Brazilian actor, comedian, writer and reporter

Oscar Francisco de Moraes Junior, better known by his stage name, Oscar Filho born August 22, 1978, in Atibaia is a Brazilian TV presenter, reporter, actor, comedian, writer and businessperson. In humor since 2003, he is recognized as one of the forerunners of the stand-up comedy movement in Brazil in 2005, founding the Clube da Comédia Stand-up, responsible for the initial movement in São Paulo, Brazil. He debuted his stand-up solo, Putz Grill... in 2008, running for 11 years and even released it on an album in 2020. In addition to having participated in numerous programs and documentaries about stand-up on TV and the internet. He wrote his first book, Autobiografia Não Autorizada in 2014 with a preface by Danilo Gentili which gave rise to his second stand-up solo entitled Alto - Biografia Não Autorizada in 2020.

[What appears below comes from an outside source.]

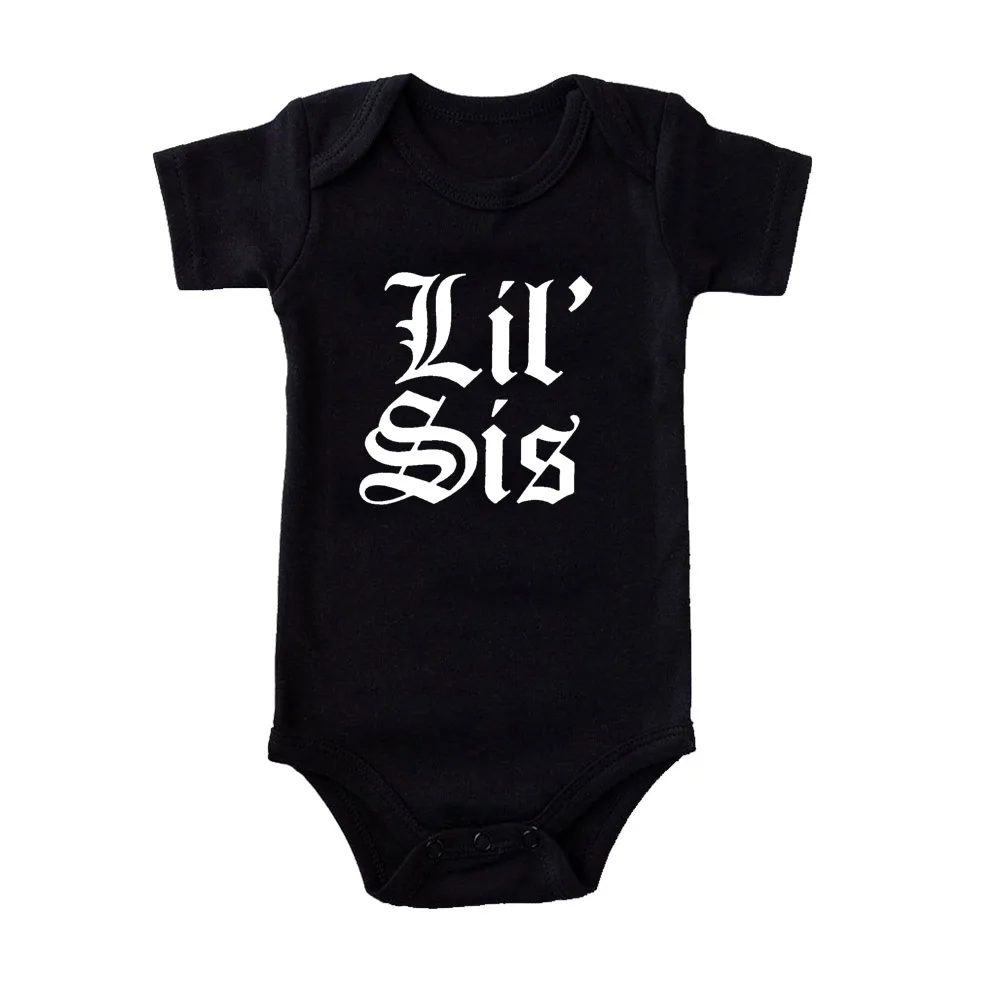 Big Bro Lil Sis одинаковая старинном английском черные футболки Big Brother Little Sister рубашки братьев и сестер Комплект футболок для детей и родителей; Прямая поставка

He debuted on TV in 2008 with the show CQC-Custe o Que Custar, on Band. In closed channels, he did a stand-up special for Comedy Central, participated in the survival reality show Desafio Celebridades on Discovery Channel and sitcoms on channel Multishow as Aí Eu Vi Vantagem and four seasons of Xilindró. Back on open TV, he participated in the program Tá no Ar, on Globo, of the fourth season of Dancing Brasil on Record, of the documentary series Era Uma Vez Uma História on Band and co-presented the Programa da Maisa on SBT and Fox Channel. In 2022 the filming of the film Escola de Quebrada ended produced by Paramount+ and KondZilla and the series Marcelo Marmelo Martelo produced by Paramount+.